Application of paragraph (2)(a.3)

(2.4) Paragraph (2)(a.3) does not apply to a foreign affiliate of a taxpayer in respect of its income derived directly or indirectly from indebtedness to the extent that

    (a) the income is derived by the affiliate in the course of a business conducted principally with persons with whom the affiliate deals at arm's length carried on by it as a foreign bank, a trust company, a credit union, an insurance corporation or a trader or dealer in securities or commodities, the activities of which are regulated in the country under whose laws the affiliate was formed or continued and exists and is governed and in which the business is principally carried on, and

    (b) the income is derived by the affiliate from trading or dealing in the indebtedness (which, for this purpose, consists of income from the actual trading or dealing in the indebtedness and interest earned by the affiliate during a short term holding period on indebtedness acquired by it for the purpose of the trading or dealing) with persons (in this subsection referred to as ``regular customers'') with whom it deals at arm's length who were resident in a country other than Canada in which it and any competitor (which is resident in the country in which the affiliate is resident and regulated in the same manner the affiliate is regulated in the country under whose laws the affiliate was formed or continued and exists and is governed and in which its business is principally carried on) compete and have a substantial market presence,

and, for the purpose of this subsection, an acquisition of indebtedness from the taxpayer shall be deemed to be part of the trading or dealing in indebtedness described in paragraph (b) where the indebtedness is acquired by the affiliate and sold to regular customers and the terms and conditions of the acquisition and the sale are substantially the same as the terms and conditions of similar acquisitions and sales made by the affiliate in transactions with persons with whom it deals at arm's length.

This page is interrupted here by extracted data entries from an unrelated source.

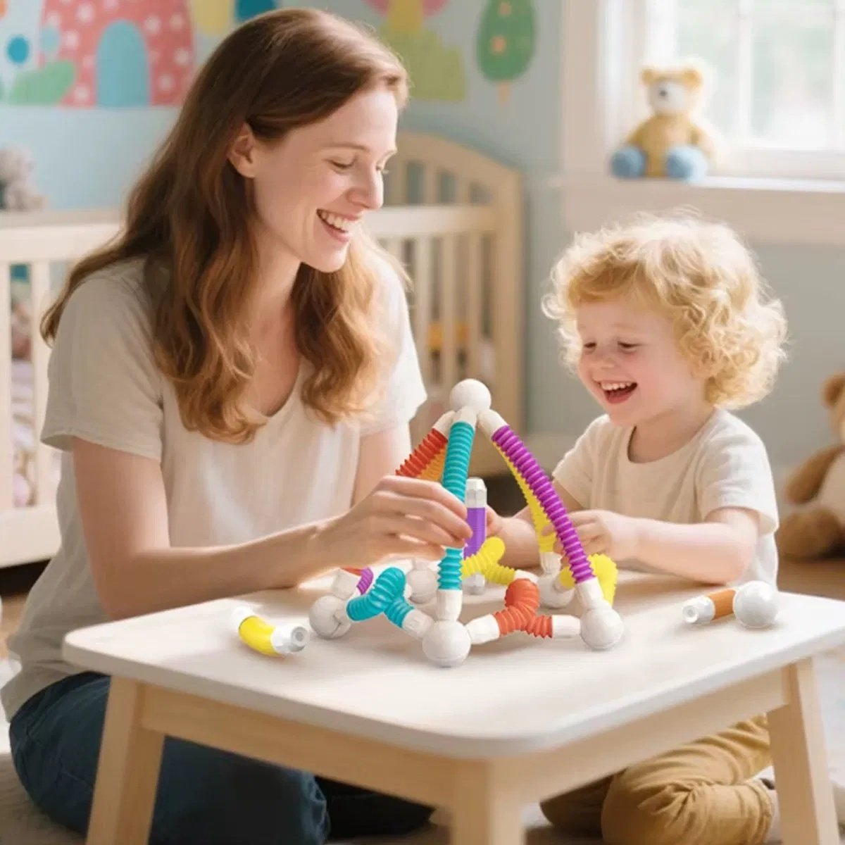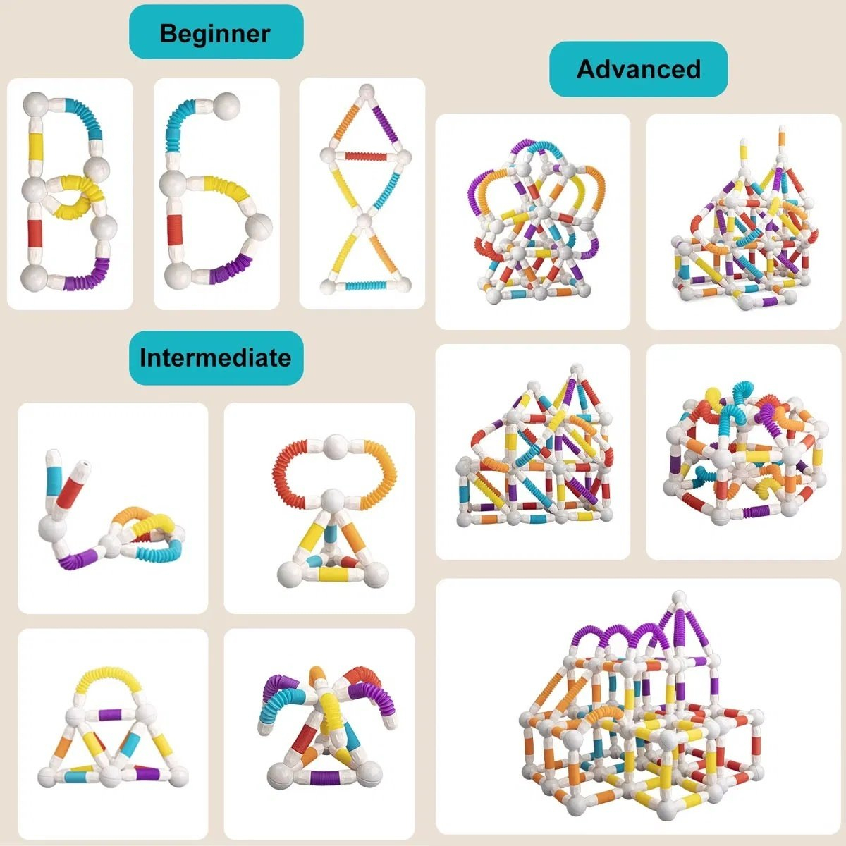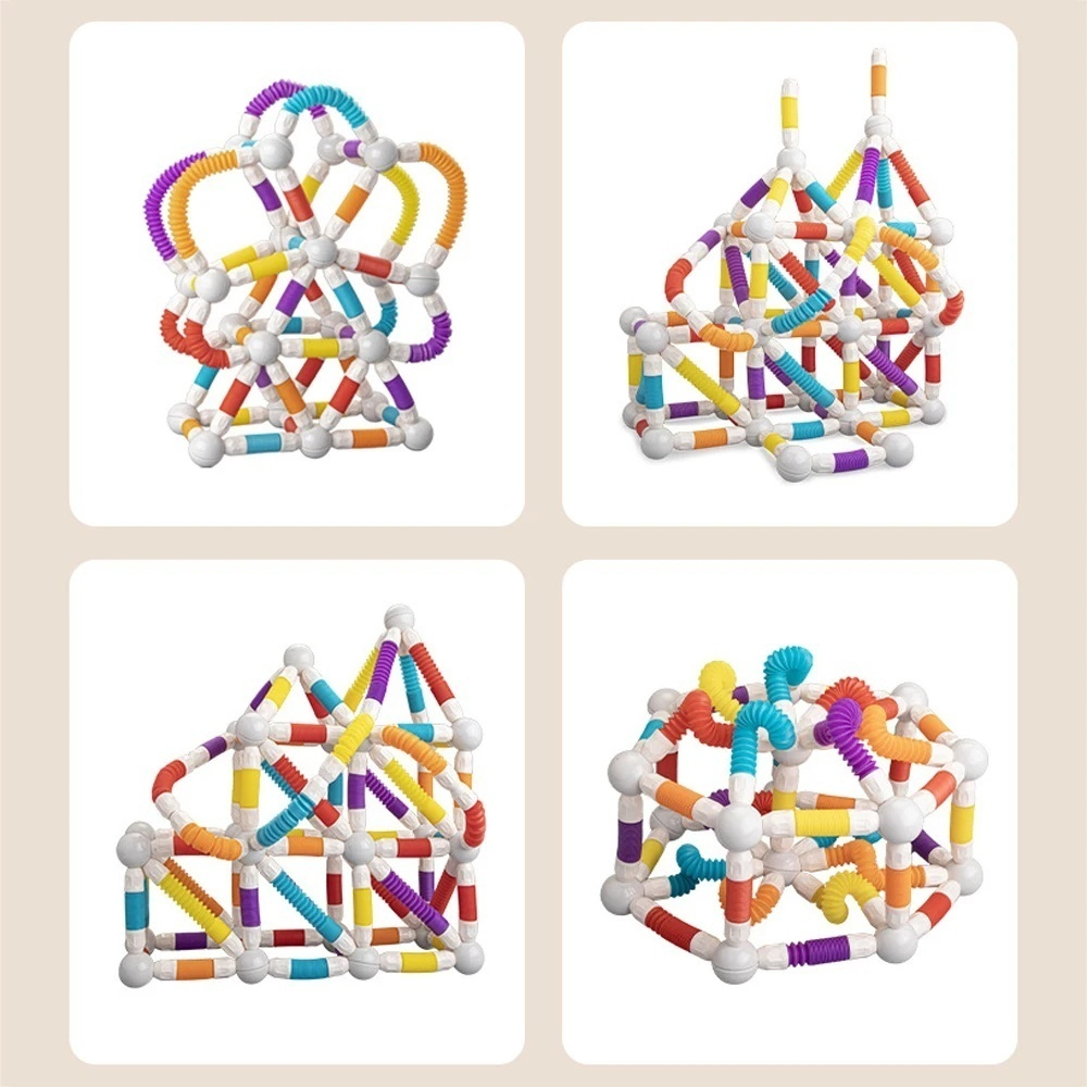 Set de constructie magnetic flexibil cu tuburi si bile, 45 piese, multicolor
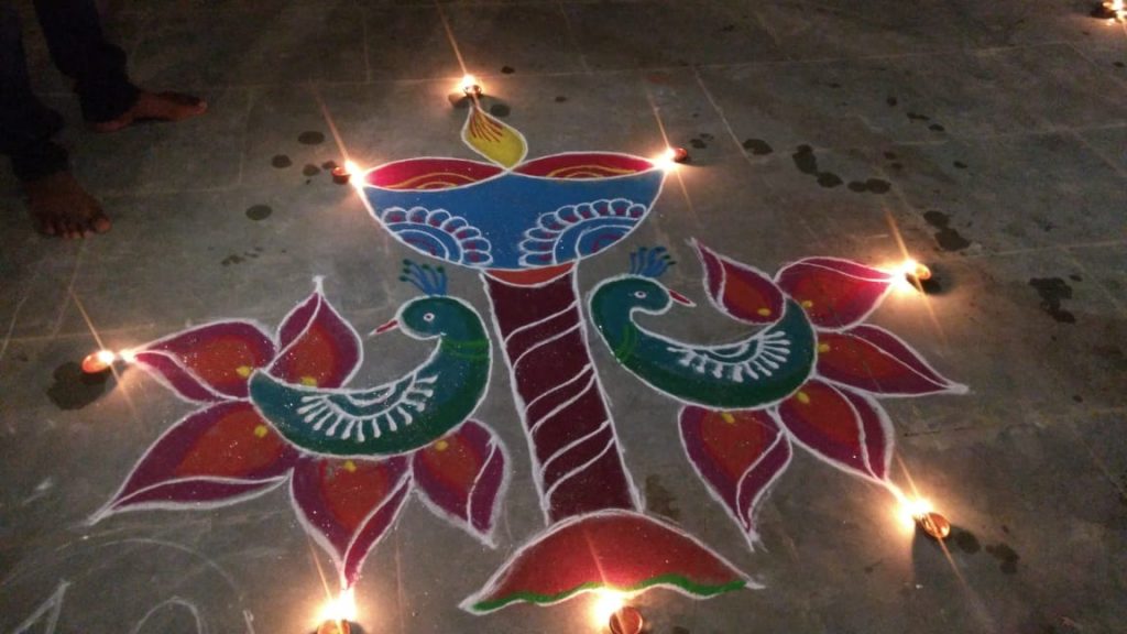 भालचंद्र मंदिराच्या परिसरात दीपावलीच्यानिमित्त रांगोळी स्पर्धेचे आयोजन करण्यात आले होते. रांगोळी स्पर्धकांनी सामाजिक विषयांवर रांगोळ्या रेखाटून वाहवा मिळवली.
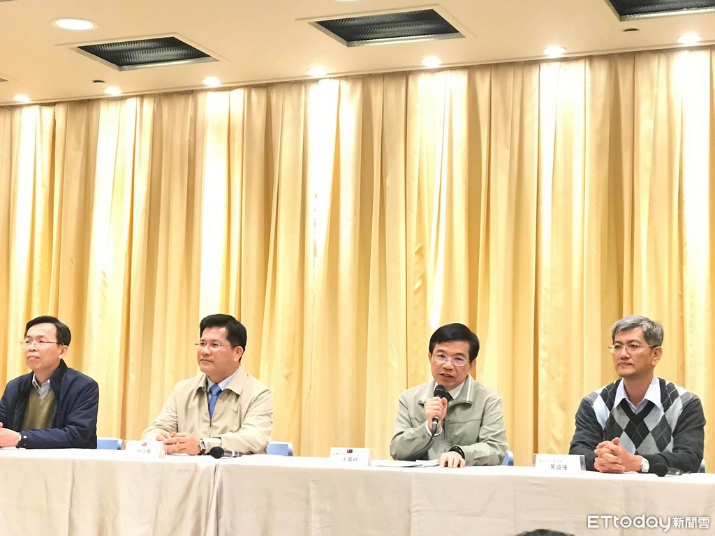 ▲華航勞資協商破局,交通部長林佳龍與政次王國材出面說明協商內容。(圖/記者賴文萱攝)
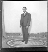 165. EAP449/2/26/165 Reference (shelfmark): EAP449/2/26/165 Title: A man wearing a white shirt, black suit, black pants, and black shoes standing on a mat in profile in the studio. Collection Area: Endangered Archives Programme Languages: Not applicable Date Range: 2nd half od the 20th century Extent: 1 TIFF image
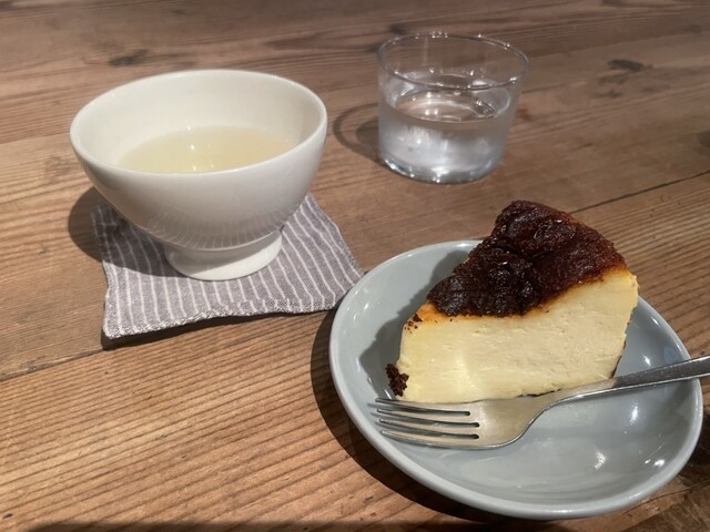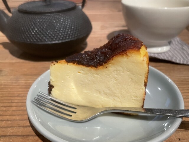 代々木八幡にあるホルンのバスクチーズケーキが頂けます。表面黒く焼かれていて内側はほのかな酸味がありクリーミー。ねっとりというよりふぉわっとしてて軽い食感でした。
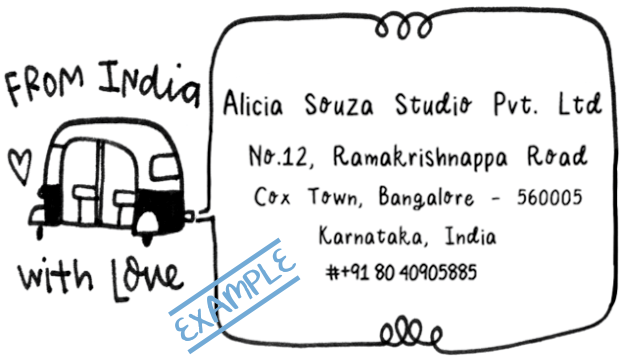 Leave us your address in the notes section while checking out, or you can email us the details hello@aliciasouza.com
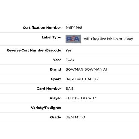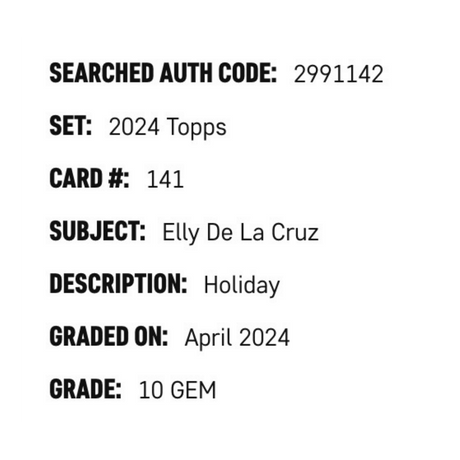 Elly De La Cruz SGC 10 2024 Topps Holiday Card #141
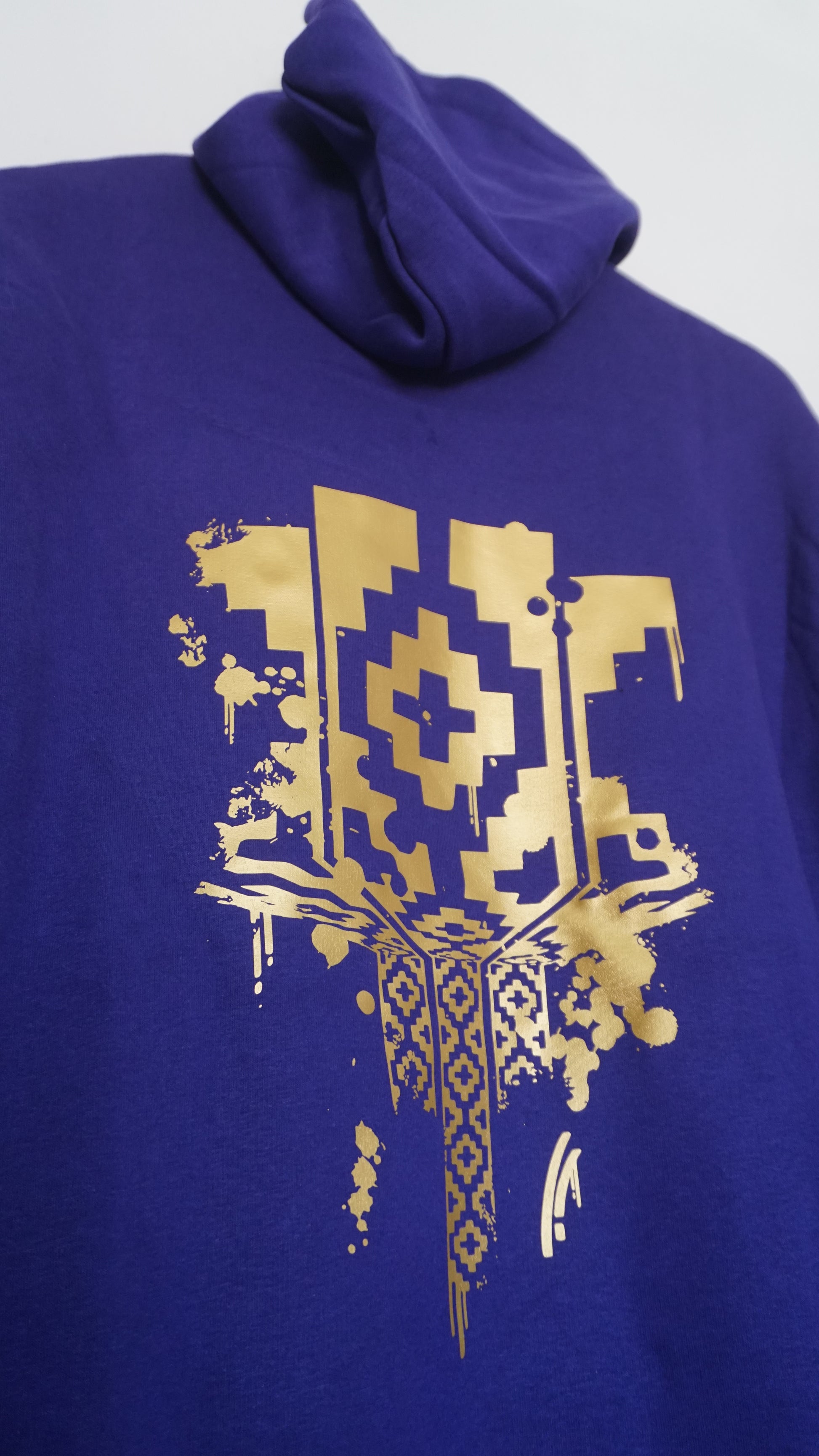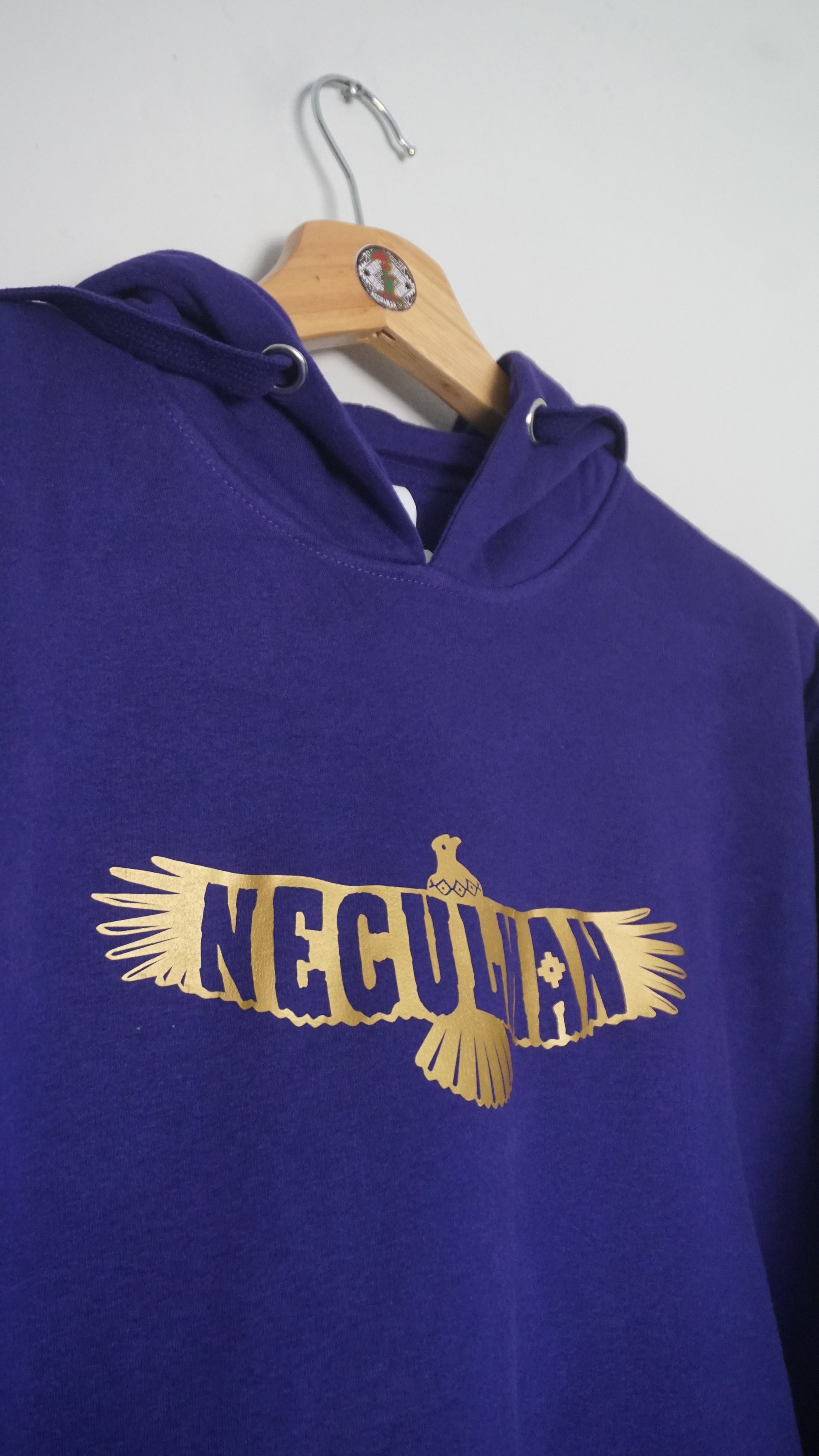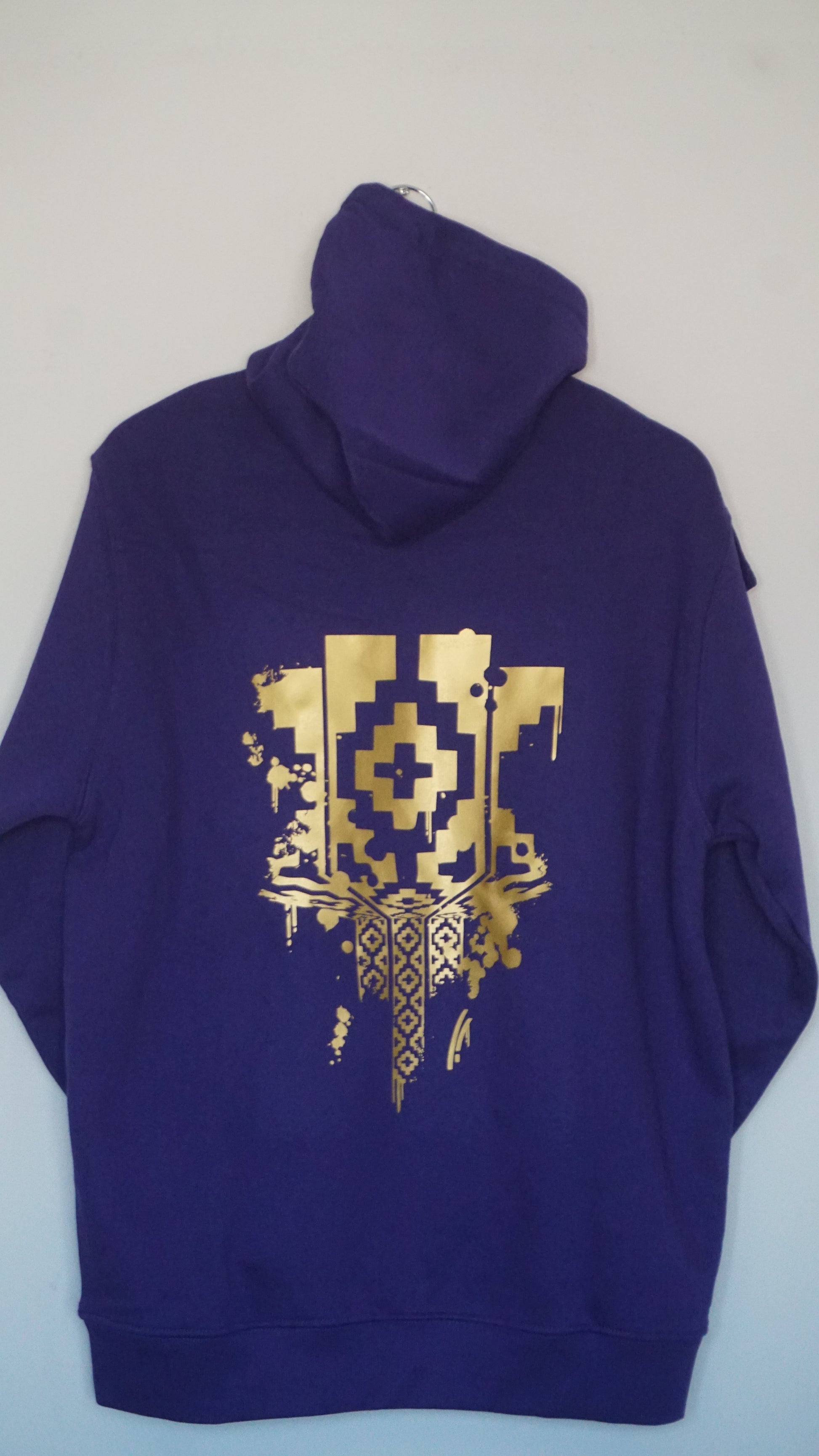 Poleron 100% de algodón con cierre y capuchón, estampado en vinilo dorado, con diseño de Cóndor "Neculman", en la parte frontal y estampado de chacana Andina en la parte de atrás. Disponible en todas las tallas y en colores como el Morado, Negro, Rojo, Azul, plomo, entre otros.
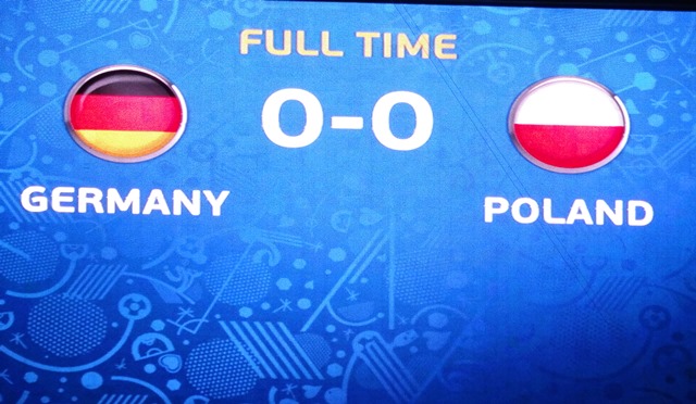 Trotzdem war es ein Erlebnis, so ein Spiel einmal live in einem so großen Stadion zu erleben, die Herren Boateng, Müller und Özil auf dem Platz herumrennen zu sehen und den polnischen Fans beim Singen zuzuhören. Unsere Sitznachbarn bemalten unsere Gesichter mit Schminke in Deutschlandfarben und boten uns etwas von ihrem ins Stadion geschmuggelten Wodka mit Cola an. Mit der Schminke im Gesicht konnte ich in Sachen Patriotismus dann fast schon mit meinem Begleiter mithalten, der mir in dieser Angelegenheit einiges voraus hat. Mir sind Nationalitäten und eigentlich auch Fußball ja komplett egal. So eine EM soll in meinen Augen vorrangig Spaß machen!
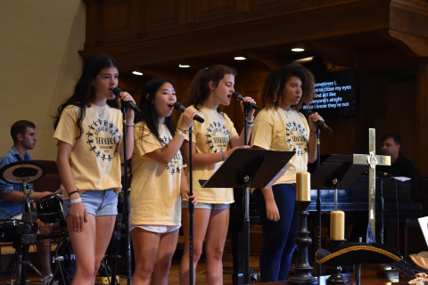 The youth praise band (6th - 12th grade) welcomes new singers and instrumentalists of all types. We rehearse on select Thursdays, 8:00 p.m., (about twice a month) in the Sanctuary and lead music at monthly youth Worship Feasts on Sunday evenings and occasionally at the morning worship services. Contact Dave Welch (davidnwelch@gmail.com)

Definitions for paragraph (2)(a.3)

(2.5) For the purpose of paragraph (2)(a.3),

``indebtedness ''
« dette »

``indebtedness'' does not include obligations of a person under agreements with non-resident corporations providing for the purchase, sale or exchange of currency where

      (a) the agreements are swap agreements, forward purchase or sale agreements, forward rate agreements, futures agreements, options or rights agreements, or similar agreements,

      (b) the person is a bank, a trust company, a credit union, an insurance corporation or a trader or dealer in securities or commodities resident in Canada, the business activities of which are subject by law to the supervision of a regulating authority in Canada such as the Superintendent of Financial Institutions or a similar authority of a province,

      (c) the agreements are entered into by the non-resident corporation in the course of a business carried on by it principally with persons with which it deals at arm's length in the country under whose laws the non-resident corporation was formed or continued and exists and is governed and in which the business is principally carried on by it, and

      (d) the terms and conditions of such agreements are substantially the same as the terms and conditions of similar agreements made by persons dealing at arm's length;

``specified deposit''
« dépôt déterminé »

``specified deposit'' means a deposit of a foreign affiliate of a taxpayer resident in Canada with a prescribed financial institution resident in Canada where

      (a) the income from the deposit is income of the affiliate for the year that would, but for paragraph (2)(a.3), be income from an active business carried on by it in a country other than Canada (other than a business the principal purpose of which is to derive income from property including interest, dividends, rents, royalties or similar returns or substitutes therefor or profits from the disposition of investment property), or

      (b) the income from the deposit is income of the affiliate for the year that would, but for paragraph (2)(a.3), be income from an active business carried on by the affiliate principally with persons with whom the affiliate deals at arm's length in the country under whose laws the affiliate was formed or continued and exists and is governed and in which the business is principally carried on by it and the deposit was held by the affiliate in the course of carrying on that part of the business conducted with non-resident persons with whom the affiliate deals at arm's length or that part of the business conducted with a person with whom the affiliate was related where it can be demonstrated that the related person used or held the funds deposited in the course of a business carried on by the related person with non-resident persons with whom the related person and the affiliate deal at arm's length.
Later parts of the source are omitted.